A sand fog blurs the outlines of the eclectic skyscrapers sprouting in clusters along the Gulf. For 3 days the dust has huffed & puffed & powdered us even as we put the final load of luggage in the Tahoe and left our house for the hotel where we will spend our last week in Kuwait. Since the official orders for our move came, the flurry of preparations intensified. Thanks to an amazing support group here, most of the details that usually are so stressful were arranged with minimal effort on our part. However, the one thing I most wanted to complete before leaving Kuwait was out of my control: I wanted Cristy to have the fraudulent charges against her dropped and for her to be sent home to the Philippines.

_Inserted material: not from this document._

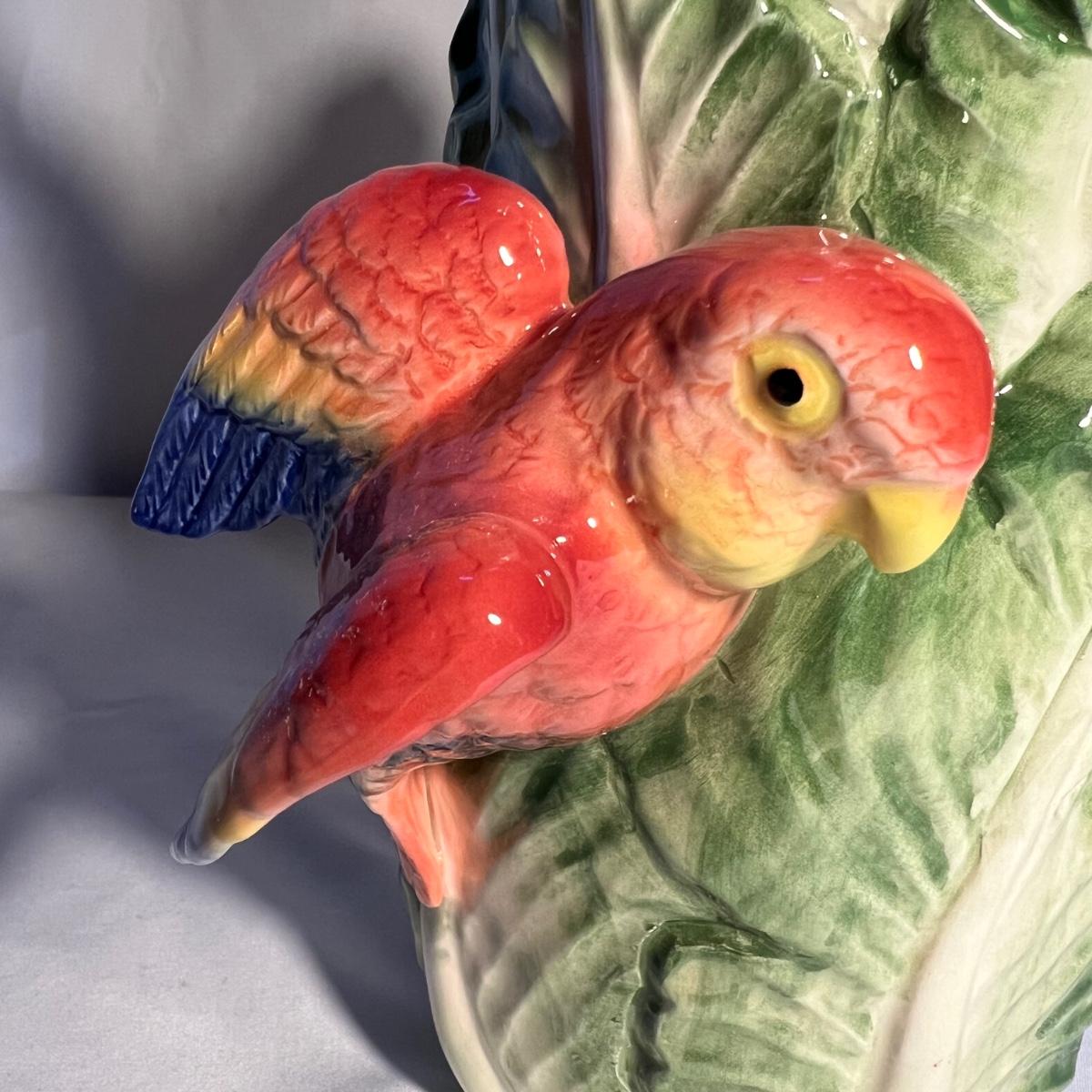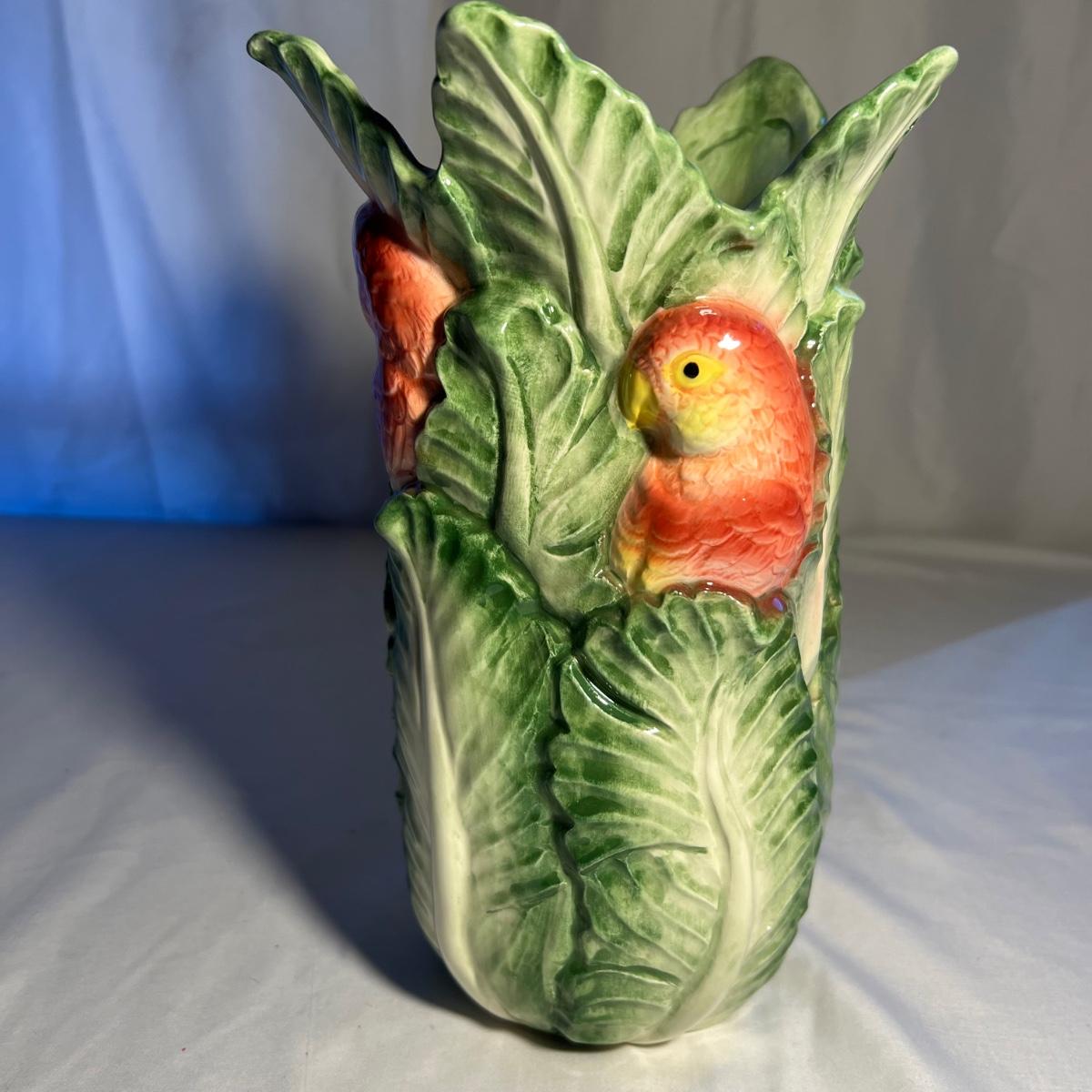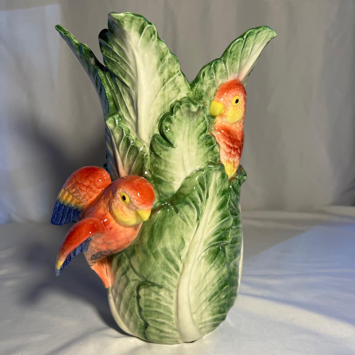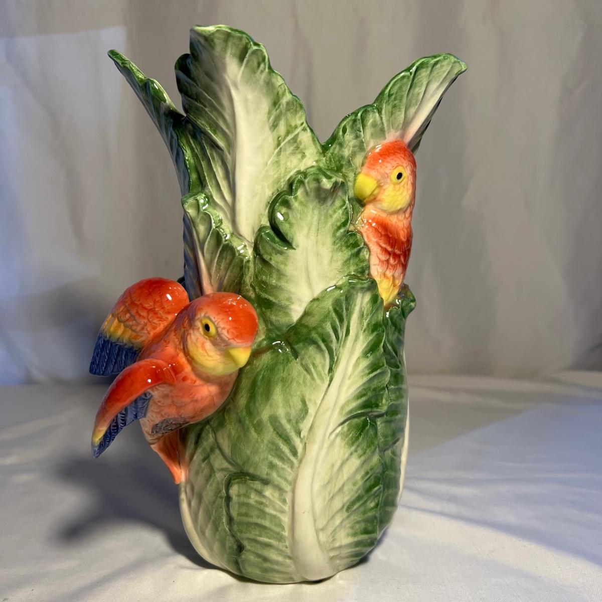 Three colorful pink parrots adorn this cabbage leaf design ceramic vase from Fitz & Floyd. The parrot on the side is 3D like.

For over a year, Cristy has been detained at the Philippine Embassy shelter due to a charge by her employer that she stole her dog (difficult since she lived with the employer!) Cristy even served 4 torturous months in jail for this alleged crime she never committed. While at the shelter, Cristy became my key contact and lead teacher for Trash To Treasure. She was always there with a smile to manage the resources I brought, to teach new runaways how to make beautiful rugs, & to translate their needs to me when their English was lacking. Even after a year of living shoulder to shoulder with 300+ women in a rat & bug infested shelter, she NEVER complained. (Trash to Treasure is now providing monthly pest control to treat the infestation; the inspector nearly cried when he saw how bad it was!) Through Trash To Treasure she was able to earn a few hundred dollars, which she sent home to provide for her daughter. With the amnesty in progress, we thought at one point she would be released, then she learned that because she had no passport (her employers kept it) she would have to go through the detention center and leave as an undocumented prisoner...hadn't she been humiliated enough already???

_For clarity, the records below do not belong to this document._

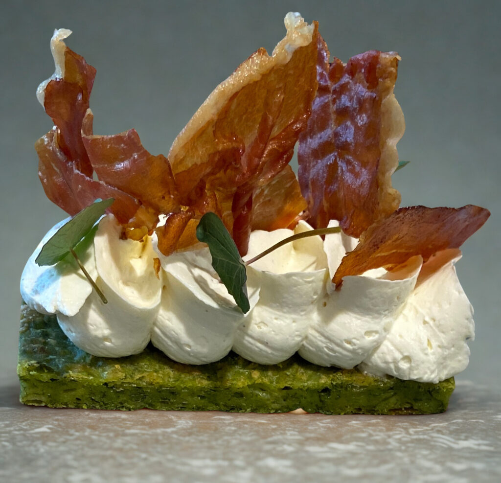 Ganache montée clémentine, insert marmelade mandarine, enrobage chocolat blanc et streusel noisette et cacao.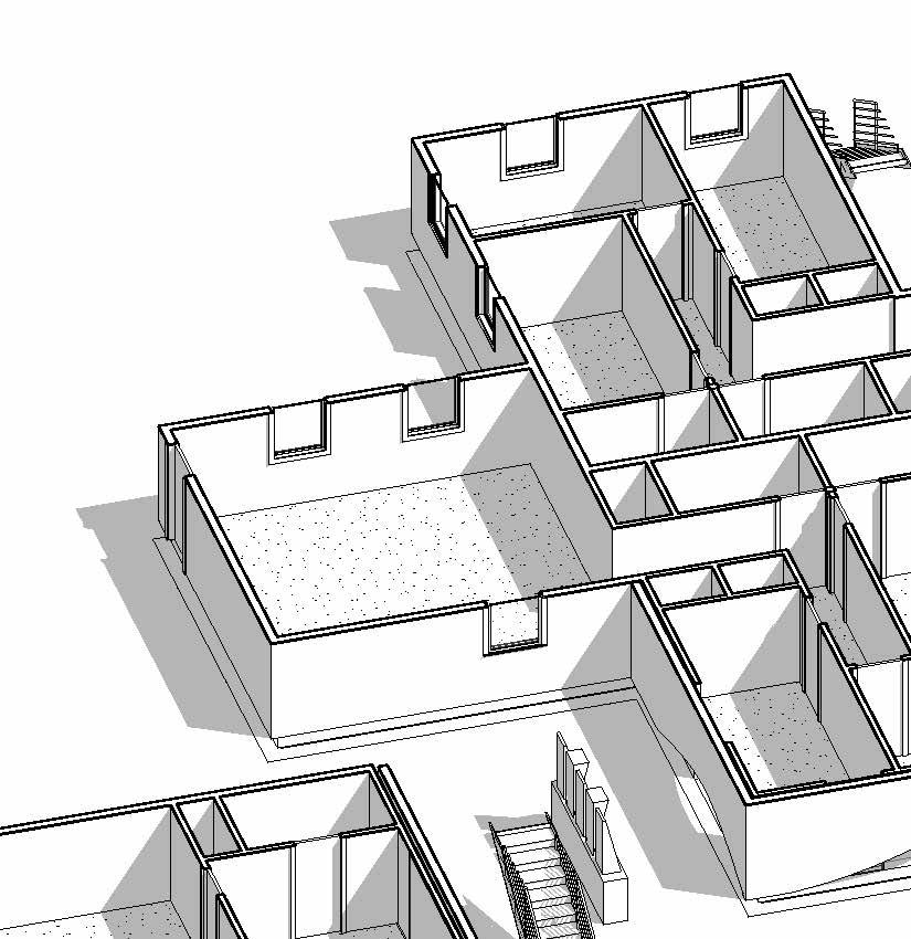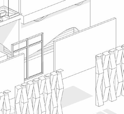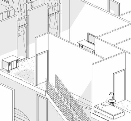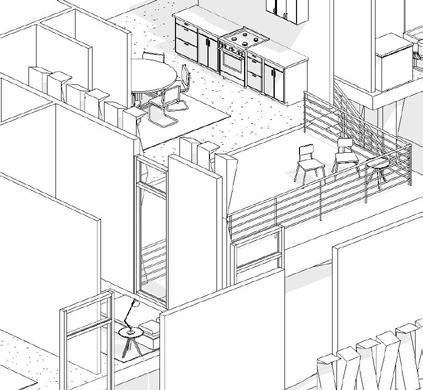 The 20 x 40 rectilinear platform looks to e ectively respond to both the project constraints--apartment size and program variation--and a ordable housing narrative/practicality dilemma. An initial mass pairing that creates an o set served as our foundation for interior and exterior space and program establishment.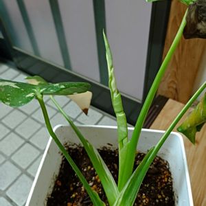 モンステラ 斑入り 2025/10/11撮影 油断して日に当てて、日焼けしちゃったモンちゃん… 新芽ドリルが出てきました😃😃 なんか、穴あいてるみたいでウキウキです😙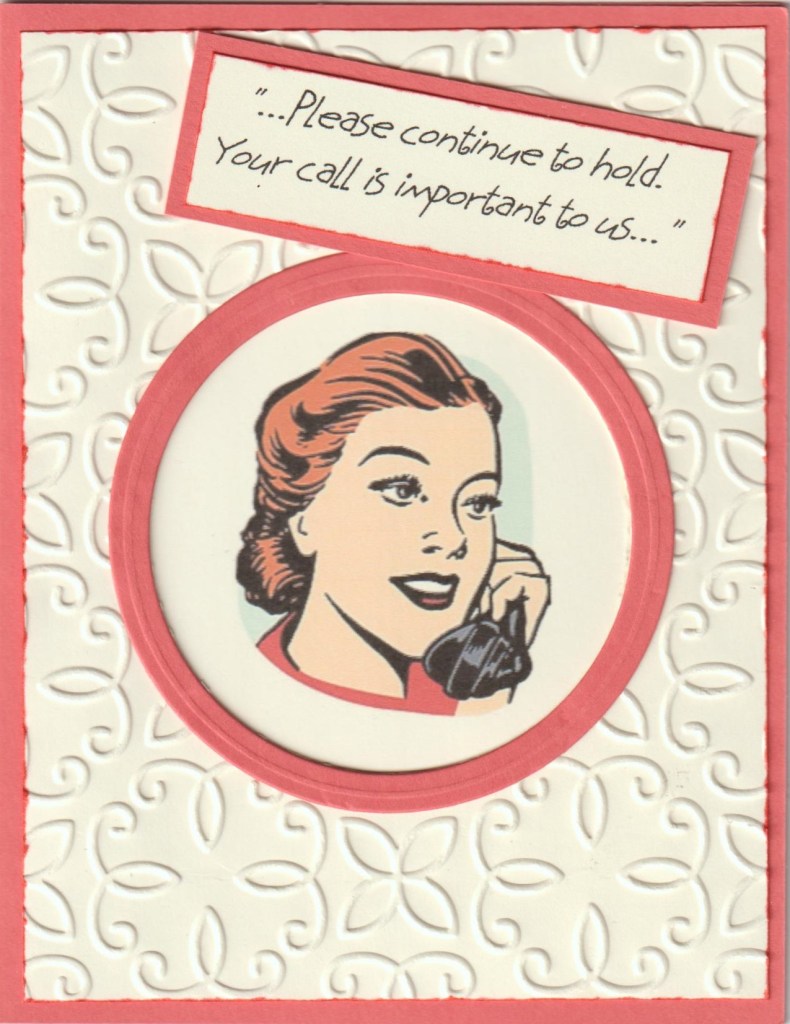 Today’s card will be entered in CYHTP with a twist of pumpkins. The background is an embossed piece from my stash. I’m a little confused because in the photo the background looks like the debossed side is showing but not in real life. hmmm. Pp was found online, photo corners are hand cut, center strip was cut on my paper trimmer. Pumpkin is from an online coloring page, colored with Copic’s, fussy cut and popped up. After coloring the pumpkin, and before fussy cutting, I put the paper back in the printer and added the sentiment.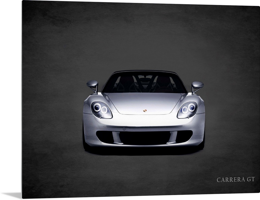 <p>Photograph of a silver Porsche Carrera GT printed on a black background with a dark vignette.</p>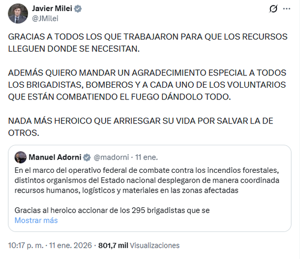 El presidente Javier Milei también se refirió a la problemática, pero centró su mensaje en agradecer a quienes forman parte del operativo de lucha contra los incendios: “Gracias a todos los que trabajaron para que los recursos lleguen donde se necesitan”, escribió también en X. Y agregó: “Quiero mandar un agradecimiento especial a todos los brigadistas, bomberos y a cada uno de los voluntarios que están combatiendo el fuego dándolo todo. Nada más heroico que arriesgar su vida por salvar la de otros”.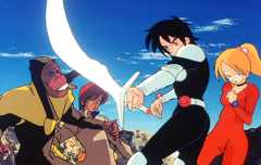 Movies like BIRTH are why some people complain that anime looks great, but makes no sense. BIRTH is the signature work of the late, greatYoshinori Kanada, an animator and animation director who was one of the first to really introduce innovation to super robot cartoons in the 1970s—Toei's earlier stuff was great fun to watch, but guys like Kanada infused their work with style and weight, and really pushed the medium forward. In the realm of goofy robot cartoons, his work really stood out. Of course, characterizing BIRTH as a Kanada project is a bit unfair to its director,Shinya Sadamitsu, not to mention other collaborators likemecha designerMakoto Kobayashi, but it's Kanada's sense of style and action that helps BIRTH rise above its utterly rudimentary, forgettable story. It's about a kid on a planet who finds a magical sword and is pursued for it, but like I said, the story doesn't matter – this movie is all about style and action, a series of high-tech Roadrunner vs. Coyote jokes that keeps upping the ante of absurdity. In spite of that weakness, BIRTH is an animator's playground; mad geniuses behind classics likeCowboy Bebop andMagic Knight Rayearth also worked on this movie. In spite of its flaws, I could still watch this film over and over again.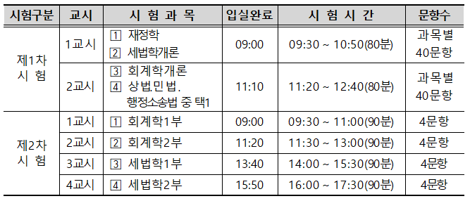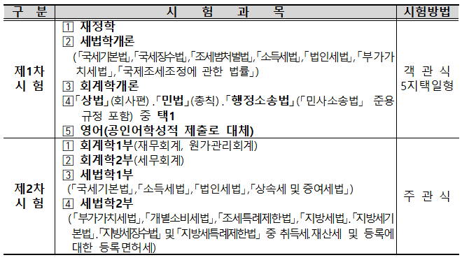 ※ 세무사 1차 2차 시험 과목

In the last month, the labor attaché was discharged from his post under allegations of human trafficking and he was replaced by David. I have a growing and trusting relationship with David who has quickly implemented many changes to improve the care and protection of his workers. He welcomed the support of Trash To Treasure and made himself available to us on any issues. During my last meeting with him, I shamelessly asked for one parting favor: the release of Cristy so she could go home, spend summer with her daughter, then go to Singapore to work for my friends who are starting a 3 year assignment there in August. I told him I couldn't bear to go without knowing she was also free to go and resume her life. He immediately called Cristy in so he could hear her details and promised me he would get to work on her case.
As the movers were packing up the last of our possessions, I got a call from David to tell me Cristy had her airline ticket for the NEXT day! He'd gotten the legal case erased, produced travel documents and she would fly as a free woman, not as a prisoner! I wept with joy then, and when I went to the shelter to say goodbye. For both of us now, we were free to go!
Now part of me wants to race to the departure lounge at the airport and part of me wants to stay and start a rescue operation for the maids who are still trapped by fear and abusive employers. The paper today had a front page story of two maids who tied sheets together and escaped from a 3rd story window of the home where they worked and took a taxi to the embassy shelter where I worked. They were discovered missing and 5 of the men in that family raced to the shelter to try to get the girls back. They assaulted the guard at the gate and battered the fleeing housemaids who were just arriving. They felt they owned the women and were incensed that they would dare to leave their clutches even though they had not been paid for months and had been forced to work 20 hour days. The women are now safe and charges have been pressed. Once again, we wait for the slow turning wheels of justice and pray the healing of these women will begin.
I'm thrilled that Cristy is free and with her little girl, delighted to know she will have a great job this time that will allow her to provide for her daughter. I'm racked with grief that the broken system continues to suck in and chew up women from poor countries who have no other hope for generating income short of prostitution. I'm feeling guilty that I'm so happy to be leaving when there is still so much more I could do. I must learn to live with this tension and the knowledge of the "other side" and pray for grace to remember them well when I no longer see them beating rugs on the balconies and washing dusty cars in the heat of the desert sun.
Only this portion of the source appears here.